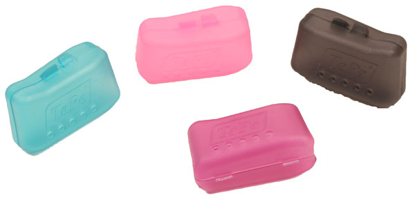 Tandbørstehætter, passer til alle TePe tandbørster samt de fleste TePe specialbørster, assorterede farver.
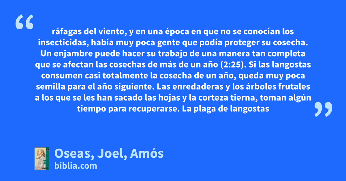 ráfagas del viento, y en una época en que no se conocían los insecticidas, había muy poca gente que podía proteger su cosecha. Un enjambre puede hacer su trabajo de una manera tan completa que se afectan las cosechas de más de un año (2:25). Si las langostas consumen casi totalmente la cosecha de un año, queda muy poca semilla para el año siguiente. Las enredaderas y los árboles frutales a los que se les han sacado las hojas y la corteza tierna, toman algún tiempo para recuperarse. La plaga de langostas
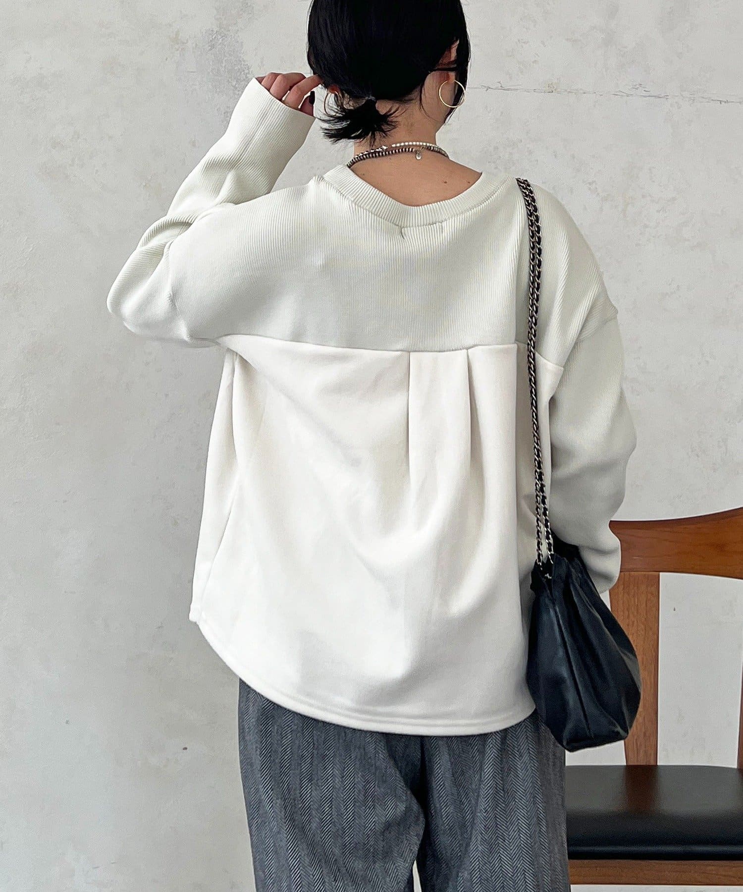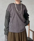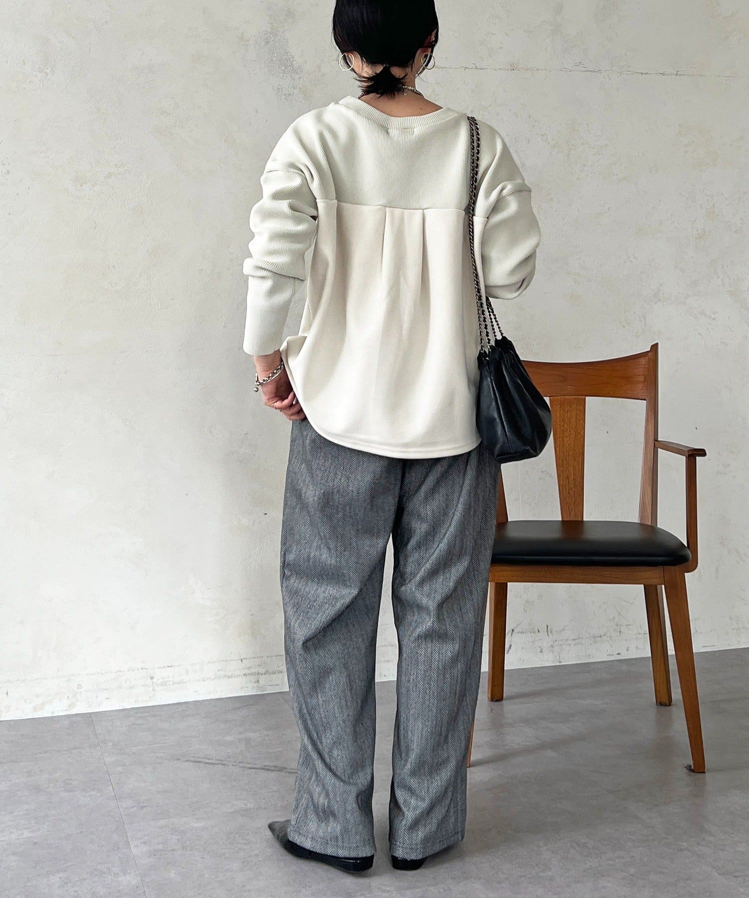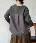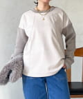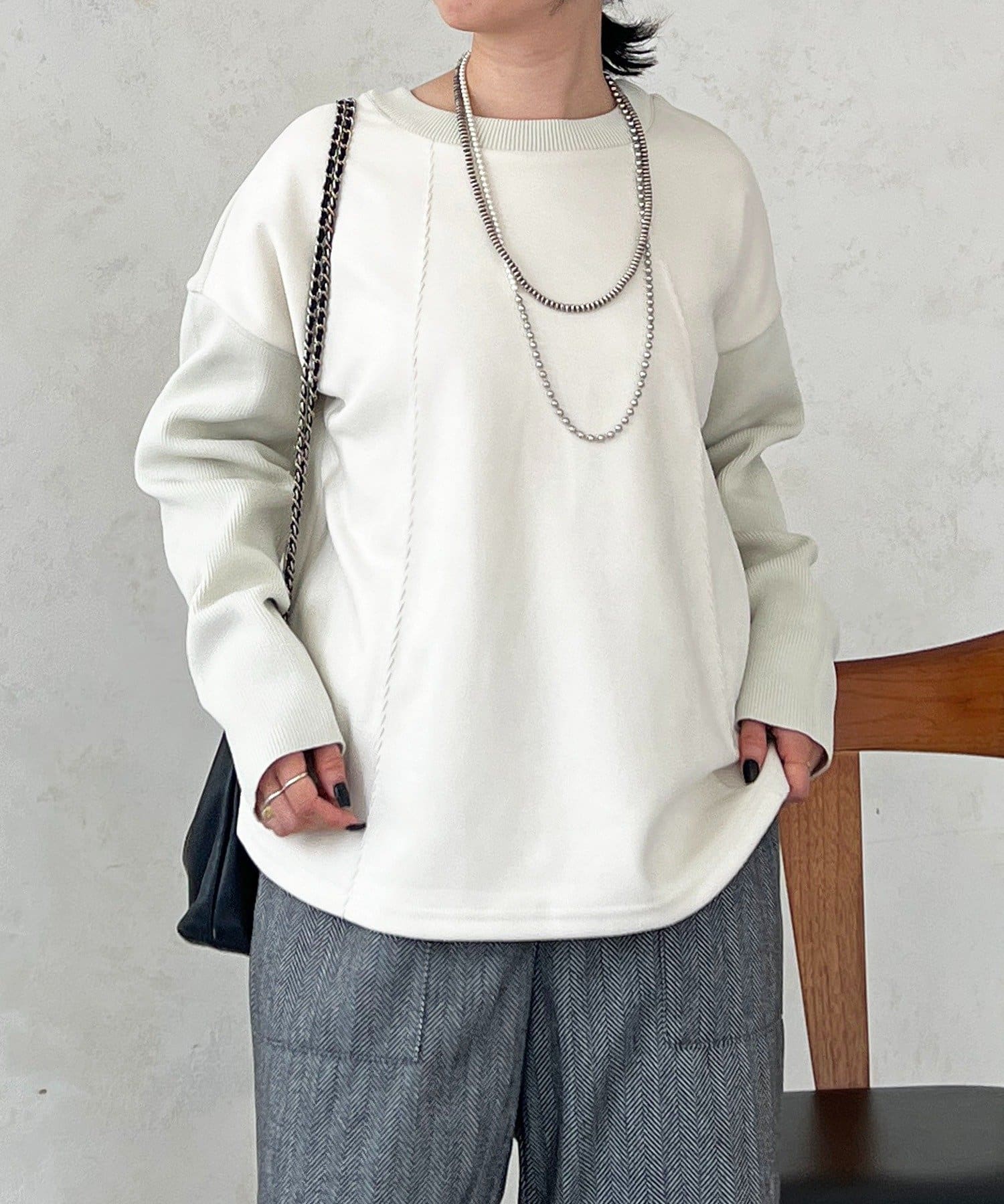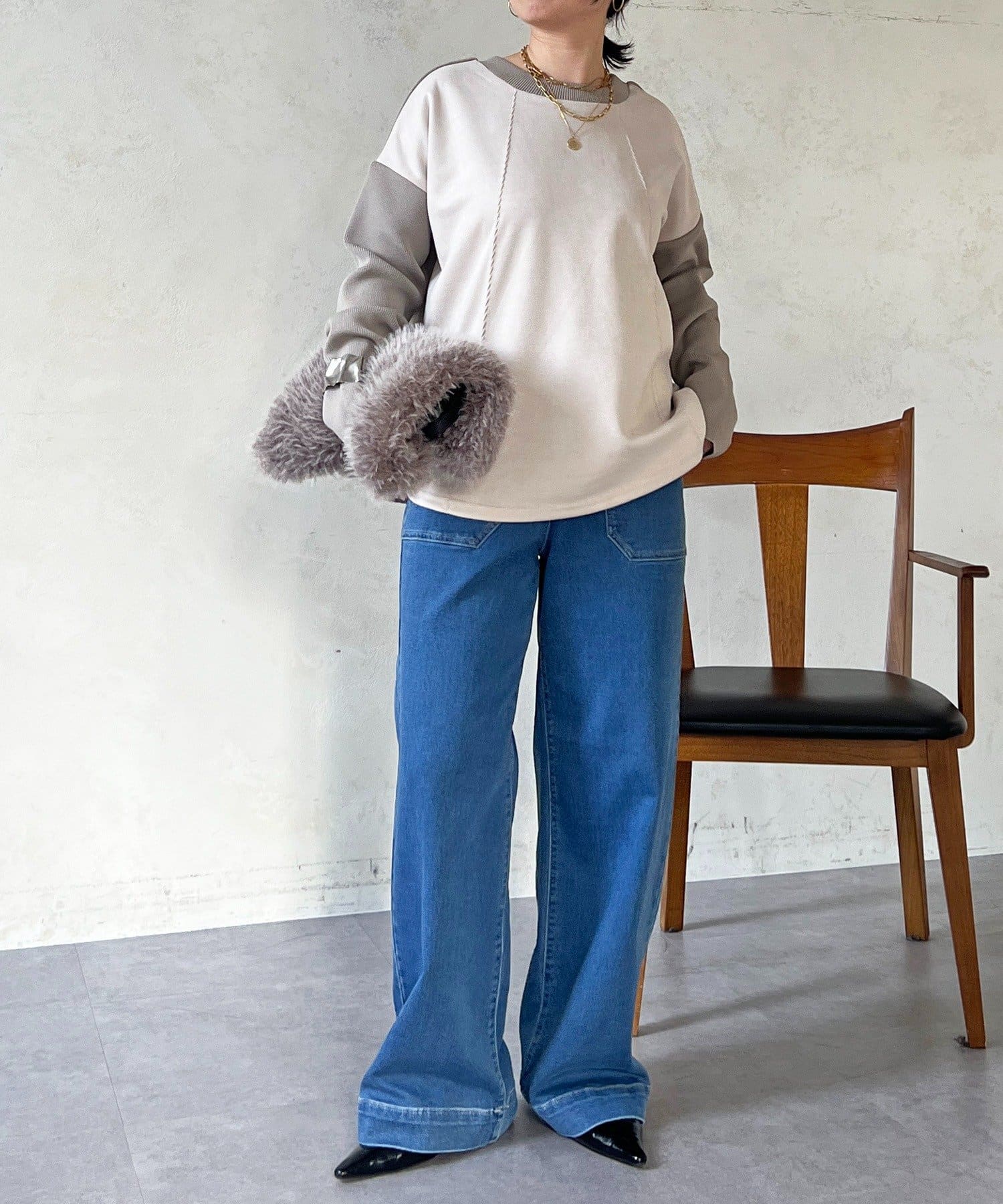 スエードと袖リブニットの切替デザインが一枚でこなれ感を演出

**ACTIVITY**
An unchanged copy of the listing, with no pictures, should be returned.

**COMPLETED TASK**
 Tandbørstehætter, passer til alle TePe tandbørster samt de fleste TePe specialbørster, assorterede farver.
 ráfagas del viento, y en una época en que no se conocían los insecticidas, había muy poca gente que podía proteger su cosecha. Un enjambre puede hacer su trabajo de una manera tan completa que se afectan las cosechas de más de un año (2:25). Si las langostas consumen casi totalmente la cosecha de un año, queda muy poca semilla para el año siguiente. Las enredaderas y los árboles frutales a los que se les han sacado las hojas y la corteza tierna, toman algún tiempo para recuperarse. La plaga de langostas
 スエードと袖リブニットの切替デザインが一枚でこなれ感を演出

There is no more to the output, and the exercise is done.